Reflusso gastroesofageo: sintomi, prevenzione e consigli per le feste

Un italiano su dieci soffre di questo disturbo: ecco come riconoscerlo, gestirlo e ridurre i sintomi anche durante i pasti abbondanti delle festività

Reflusso gastroesofageo: sintomi, prevenzione e consigli per le feste

Durante le feste, con pasti più abbondanti e ricchi del solito, il reflusso gastroesofageo può peggiorare. Questa condizione interessa circa un italiano su dieci, secondo l’AIGO (Associazione Italiana Gastroenterologi ed Endoscopisti Digestivi), che offre anche consigli pratici per prevenirla.

Che cos’è il reflusso gastroesofageo

Secondo l’Istituto Superiore di Sanità, il reflusso si verifica quando il contenuto dello stomaco risale nell’esofago. È più frequente tra i 30 e i 50 anni e interessa l’esofago, il tubo che porta il cibo dalla bocca allo stomaco. All’estremità inferiore c’è una valvola che normalmente impedisce la risalita dei succhi gastrici. Se questa non funziona correttamente, può verificarsi il reflusso di acido, bile o cibo. Talvolta, il disturbo può essere legato a un’ernia iatale, quando una parte dello stomaco risale nel torace.

Sintomi principali

Un po’ di reflusso è considerato fisiologico, soprattutto dopo i pasti. Tuttavia, il sintomo più comune è la pirosi, una sensazione di bruciore dietro lo sterno o nella parte alta dell’addome. Altri segnali possono includere rigurgiti acidi o ritorno di cibo in bocca. Quando questi disturbi si manifestano più di due volte a settimana e influenzano la qualità della vita, si parla di malattia da reflusso gastroesofageo (MRGE).

Altri sintomi da non trascurare

Il reflusso può causare anche:

  • Alito cattivo e gonfiore addominale

  • Flatulenza e difficoltà a deglutire

  • Mal di gola ricorrente o raucesdine

  • Tosse persistente e respiro sibilante

  • Infiammazione gengivale ed erosione dello smalto dentale

  • Dolore toracico

Come viene diagnosticato

Il medico di base può indirizzare al gastroenterologo o al cardiologo per escludere problemi cardiaci. Tra gli esami più comuni:

  • Endoscopia (esofago-gastro-duodenoscopia)

  • Radiografia con bario

  • Manometria esofagea

  • pH-metria esofagea 24 ore

  • Analisi del sangue

L’endoscopia permette di osservare lo stato delle mucose e rilevare eventuali complicazioni.

Strategie per alleviare i sintomi

Per ridurre il reflusso, gli esperti consigliano:

  • Fare pasti piccoli e frequenti

  • Evitare alcol nelle 3-4 ore prima di dormire

  • Limitare cibi che aggravano i sintomi (caffè, cioccolato, pomodori, alcol, spezie, cibi grassi)

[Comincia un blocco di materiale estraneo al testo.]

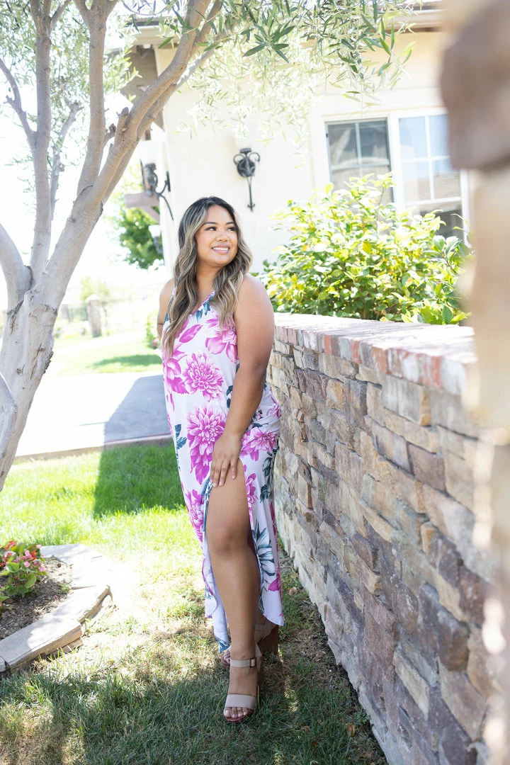 This stunning floral printed maxi is everything you’ve been looking for and more. Made from Bulgari fabric, this dress features a relaxed fit, V-neck, rounded hem with side slits, side pockets and full back coverage.
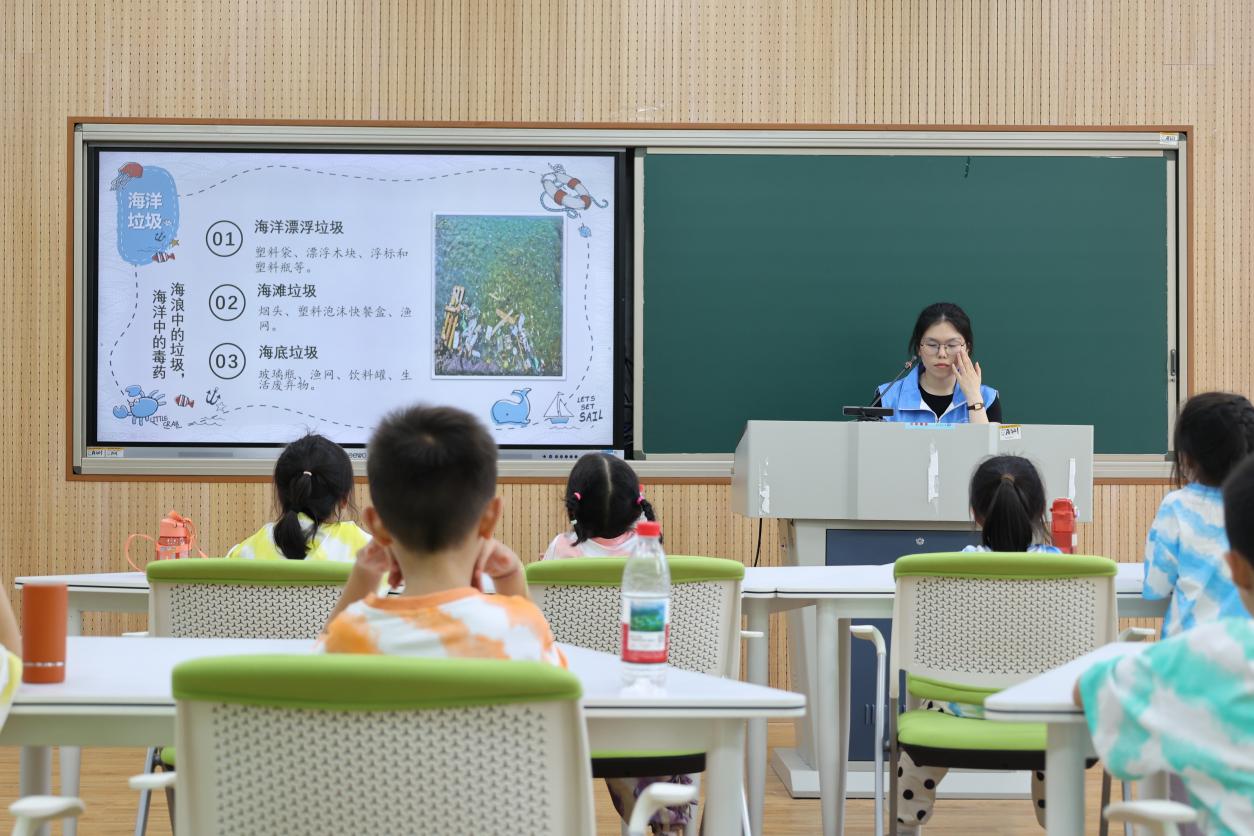 减塑小课堂以博物馆参观为延伸,通过“认知-思辨-实践”三维体系深化青少年环保意识。“蓝海塑净”研究生志愿服务团队在专题教室内,依托多媒体教学手段,系统阐释塑料污染全链条,直观呈现塑料垃圾对海洋生态的物理伤害与化学侵害。以问题链驱动思维,引导这群渔村的小朋友反思日常生活场景中的塑料制品使用,通过“可降解替代品”“重复使用方案”等开放性问答,构建个体行为与海洋保护的逻辑关联。
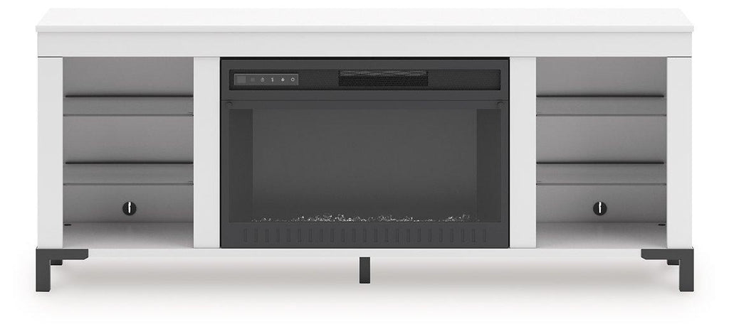 Level up your gaming experience and make movie nights to remember. This entertainment center with fireplace extends your entertainment beyond the screen. Its built-in fireplace brings the heat, synchronizing with LED backlighting on the assorted shelves. And you can customize the vibe with three trendy color options: blue, white and red. Modern function. Captivating, cool style. With this entertainment center, revamp your home’s recreational hub like never before.

  • Rialzare la testata del letto di 10-15 cm

  • Smettere di fumare

  • Assumere farmaci specifici, come antiacidi o inibitori della pompa protonica, se necessario

Consigli pratici per le feste

Francesco Bortoluzzi, segretario nazionale AIGO, ricorda: “Durante le festività, è importante mantenere le stesse abitudini alimentari del resto dell’anno, evitando eccessi”. Per chi soffre di reflusso:

  • Mangiare poco ma più volte al giorno

  • Evitare o ridurre alimenti problematici (menta, cioccolato, agrumi, pomodori)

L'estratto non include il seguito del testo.